(Records drawn from a dataset)

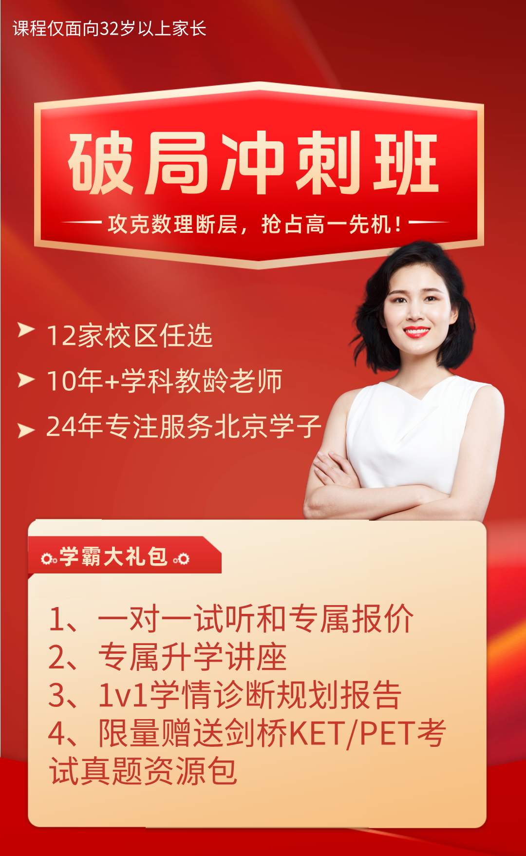 秉持“诚信为本,育人为先”的宗旨,24年专注北京小初高辅导,用专业和口碑帮助超过20万学子高效提分,每年输送400+清北学子!专业团队为孩子定制「目标-方法-习惯」三位一体提升方案!
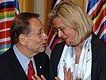 Ein weiteres Thema in Salzburg ist der Nahe Osten. Die EU-Außenminister prüfen weitere Finanzierungsmöglichkeiten für die Palästinenser angesichts der bevorstehenden Regierungsbeteiligung der radikal-islamischen Hamas. Wir sind bereit, ein zuverlässiger Partner zu bleiben. Es werde aber kein Geld an die neue Regierung fließen, sofern sie nicht Frieden mit friedlichen Mitteln suche, so Ferrero-Waldner. Die EU erwarte, dass die palästinensische Regierung Israel anerkenne und die Einhaltung des bisherigen Friedensplanes (Roadmap) garantiere.
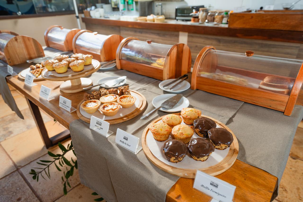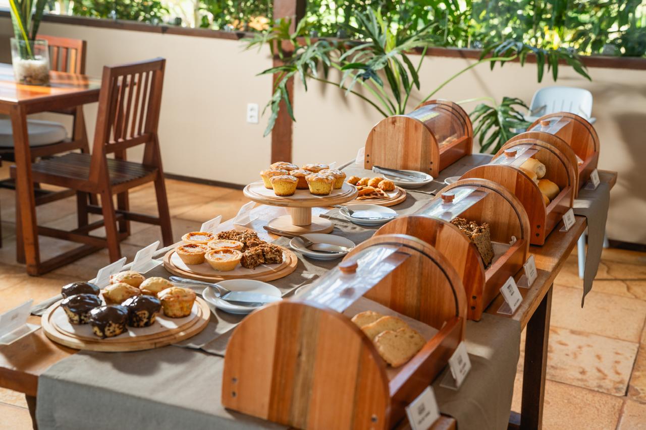 Guloseimas como pães artesanais, croissants, pães de queijo, sonhos, bolos, tortas, geleias, sucos naturais de frutas, são feitas na própria pousada, além de tapiocas e omeletes feitos na hora de acordo com a preferência do hóspede.
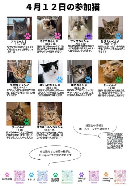 | イベント内容 | 【多摩市聖蹟桜ヶ丘】保護猫譲渡会 多摩市を中心に猫ボランティア協働で保護猫の譲渡会を開催しています。 事情があって保護された猫さんたちが参加予定です。 チラシに付いてるQRコードまたはこちらのリンクから 猫たちの様子が見れます。 https://sites.google.com/view/cooneru/ 完全予約制ではありませんが、予約された方から優先的にご案内致します。 参加お申込み・お問合せはコチラ tamacity.cats@gmail.com 【日時】4月12日(土) 13:00〜16:00 【場所】桜ヶ丘キリスト教会 多摩市関戸3-14-12 (聖蹟桜ヶ丘駅徒歩8分) ※車でお越しの際は近隣のコインパーキングをご利用下さい。 【譲渡までの流れ】 ①譲渡会にて猫を決めたら預かりボランティアに話を聞く ②エントリーシートに記入 ③お届け(里親様宅へお伺いします) ④トライアル期間 ⑤誓約書を交わして本譲渡 【譲渡地域】 多摩市・府中市・日野市・八王子市・立川市・国立市・稲城市・相模原市・町田市・麻生区、他 【譲渡条件】 ①ペット可住宅にお住まいで、同居の方全員の了解がある ②経済的・体力的・時間的に猫を養える見込みがある ③完全室内飼い ④終生飼育 ⑤子猫の場合は留守にする時間が短いご家庭 ※単身者・高齢者の方には後見人必須 |
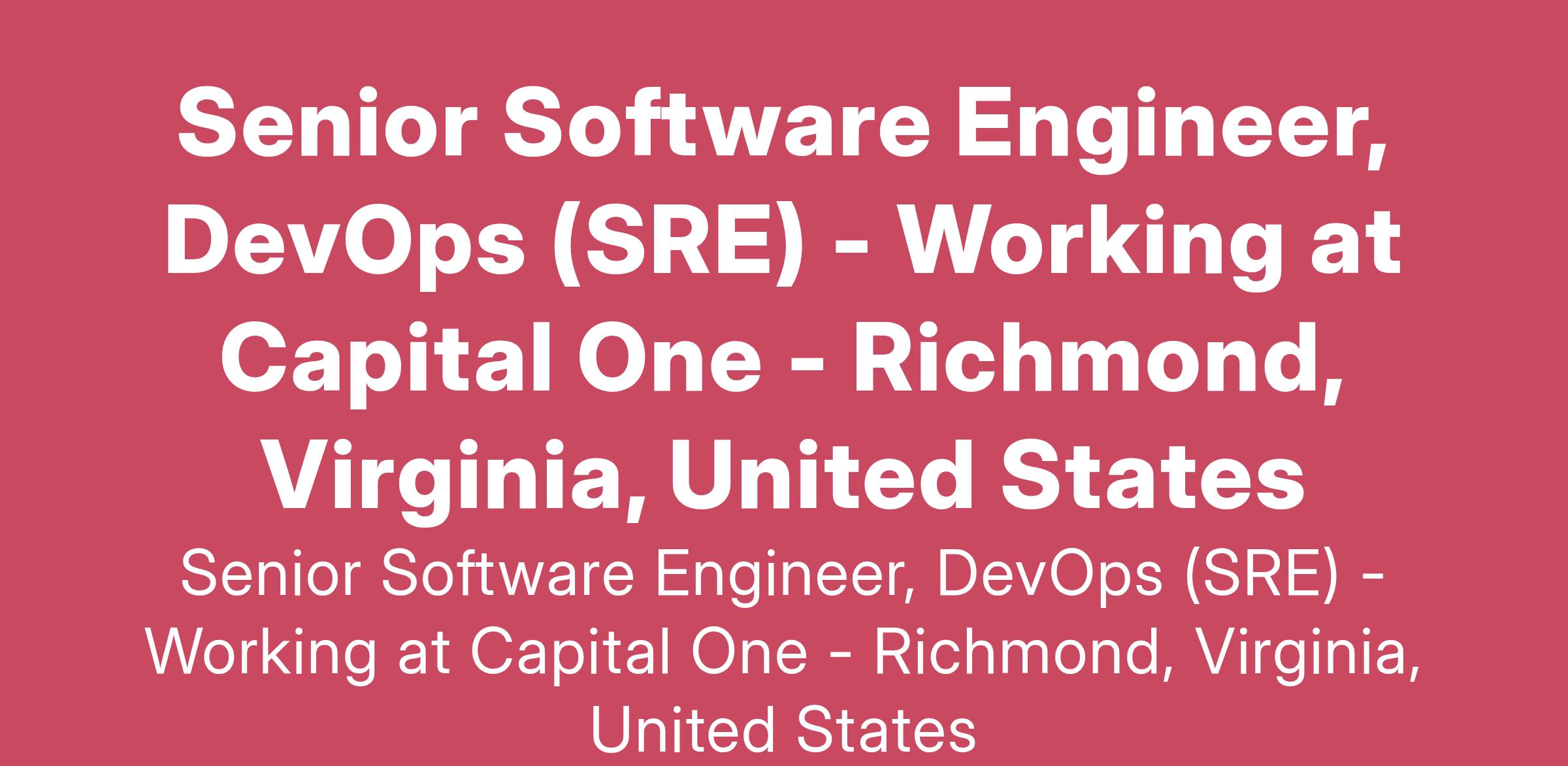 Do you love building and pioneering in the technology space? Do you enjoy solving complex business problems in a fast-paced, collaborative, inclusive, and iterative delivery environment? At Capital One, you'll be part of a big group of makers, breakers, doers and disruptors, who love to solve real problems and meet real customer needs. We are seeking DevOps Engineers experienced with SRE who are passionate about marrying data with emerging technologies to join our team. As a DevOps Engineer, you’ll have the opportunity to be on the forefront of driving a major transformation within Capital One.
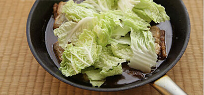 5、放入白菜,繼續(xù)燜燒幾分鐘,加鹽調(diào)味即可。

What to work on | Starting with the first line of the data above and ending with the line containing "⑤子猫の場合は留守にする時間が短いご家庭 ※単身者・高齢者の方には後見人必須 |", please restate every line exactly, leaving images out.

Answer area |
 秉持“诚信为本,育人为先”的宗旨,24年专注北京小初高辅导,用专业和口碑帮助超过20万学子高效提分,每年输送400+清北学子!专业团队为孩子定制「目标-方法-习惯」三位一体提升方案!
 Ein weiteres Thema in Salzburg ist der Nahe Osten. Die EU-Außenminister prüfen weitere Finanzierungsmöglichkeiten für die Palästinenser angesichts der bevorstehenden Regierungsbeteiligung der radikal-islamischen Hamas. Wir sind bereit, ein zuverlässiger Partner zu bleiben. Es werde aber kein Geld an die neue Regierung fließen, sofern sie nicht Frieden mit friedlichen Mitteln suche, so Ferrero-Waldner. Die EU erwarte, dass die palästinensische Regierung Israel anerkenne und die Einhaltung des bisherigen Friedensplanes (Roadmap) garantiere.
 Guloseimas como pães artesanais, croissants, pães de queijo, sonhos, bolos, tortas, geleias, sucos naturais de frutas, são feitas na própria pousada, além de tapiocas e omeletes feitos na hora de acordo com a preferência do hóspede.
 | イベント内容 | 【多摩市聖蹟桜ヶ丘】保護猫譲渡会 多摩市を中心に猫ボランティア協働で保護猫の譲渡会を開催しています。 事情があって保護された猫さんたちが参加予定です。 チラシに付いてるQRコードまたはこちらのリンクから 猫たちの様子が見れます。 https://sites.google.com/view/cooneru/ 完全予約制ではありませんが、予約された方から優先的にご案内致します。 参加お申込み・お問合せはコチラ tamacity.cats@gmail.com 【日時】4月12日(土) 13:00〜16:00 【場所】桜ヶ丘キリスト教会 多摩市関戸3-14-12 (聖蹟桜ヶ丘駅徒歩8分) ※車でお越しの際は近隣のコインパーキングをご利用下さい。 【譲渡までの流れ】 ①譲渡会にて猫を決めたら預かりボランティアに話を聞く ②エントリーシートに記入 ③お届け(里親様宅へお伺いします) ④トライアル期間 ⑤誓約書を交わして本譲渡 【譲渡地域】 多摩市・府中市・日野市・八王子市・立川市・国立市・稲城市・相模原市・町田市・麻生区、他 【譲渡条件】 ①ペット可住宅にお住まいで、同居の方全員の了解がある ②経済的・体力的・時間的に猫を養える見込みがある ③完全室内飼い ④終生飼育 ⑤子猫の場合は留守にする時間が短いご家庭 ※単身者・高齢者の方には後見人必須 |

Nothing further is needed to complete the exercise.